29th Lieutenant Governor of Pennsylvania
- In office October 5, 2001 – January 21, 2003
- Governor: Mark Schweiker
- Preceded by: Mark Schweiker
- Succeeded by: Catherine Baker Knoll

President pro tempore of the Pennsylvania Senate
- In office January 1, 1985 – November 18, 1992
- Preceded by: Henry Hager
- Succeeded by: Bob Mellow
- In office March 15, 1994 – November 30, 2006
- Preceded by: Bob Mellow
- Succeeded by: Joe Scarnati

Republican Leader of the Pennsylvania Senate
- In office January 6, 1981 – November 30, 1984
- Preceded by: Henry Hager
- Succeeded by: John Stauffer
- In office November 18, 1992 – March 15, 1994
- Preceded by: Joseph Loeper
- Succeeded by: Joseph Loeper

Member of the Pennsylvania State Senate from the 30th district
- In office January 7, 1975 – November 30, 2006
- Preceded by: Stanley Stroup
- Succeeded by: John Eichelberger

Personal details
- Born: February 9, 1937 (age 89) Altoona, Pennsylvania, U.S.
- Party: Republican
- Spouse: Renee Cohn Jubelirer
- Children: 3 (one deceased)
- Alma mater: Pennsylvania State University (B.A.) Dickinson School of Law (LL.D.)
- Occupation: Attorney, lobbyist

= Robert Jubelirer =

Pennsylvania politician (born 1937)

Robert C. Jubelirer (born February 9, 1937, Altoona, Pennsylvania) is a Republican political leader in Pennsylvania. He served as a member of the Pennsylvania State Senate from 1975 to 2006. He served as President pro tempore of the Pennsylvania State Senate for all but two years from 1984 to 2006, and served as the 29th lieutenant governor of Pennsylvania between 2001 and 2003.
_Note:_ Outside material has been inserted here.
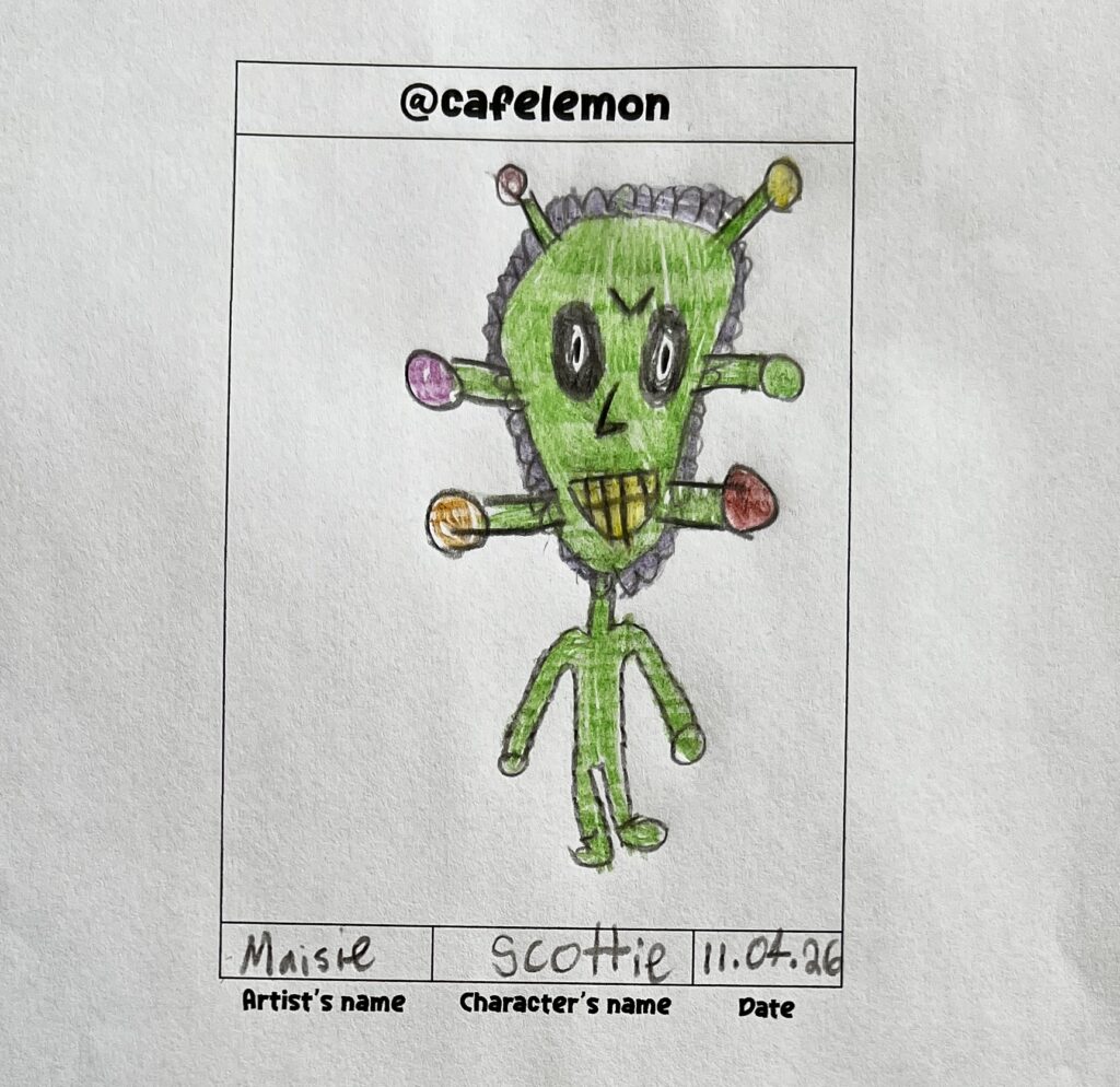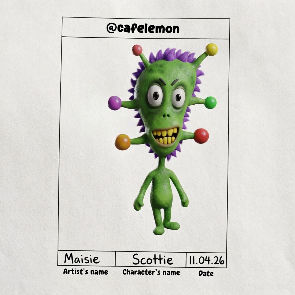When families visit Café Lemon with children under the age of 12, they aren’t just getting a snack—they are given a special “My 3D Monster” print-out. This template invites them to design their very own friendly monster, complete with a name and a personality.

Jubelirer was defeated for re-nomination in the 2006 Republican party primary election and left office on November 30, 2006.

==Early life==
The son of a prominent county judge, Jubelirer attended Pennsylvania State University and the Dickinson School of Law. He was admitted to the bar in Blair County, Pennsylvania and practiced law for several years before entering politics.

He was elected to the Pennsylvania State Senate in 1974 to represent the Altoona area. He was elected Majority Leader in 1981. Jubelirer served as President Pro Tempore of the Senate from 1985 to 1992. After serving briefly as Minority Leader from 1992 to 1994, he again became President Pro Tempore.

In a 2002 PoliticsPA Feature story designating politicians with yearbook superlatives, he was named the "Hardest Working."

==Lieutenant governor==
When Pennsylvania Governor Tom Ridge resigned on October 5, 2001 to become President Bush's Homeland Security Advisor, Lt. Governor Mark Schweiker ascended to the governorship.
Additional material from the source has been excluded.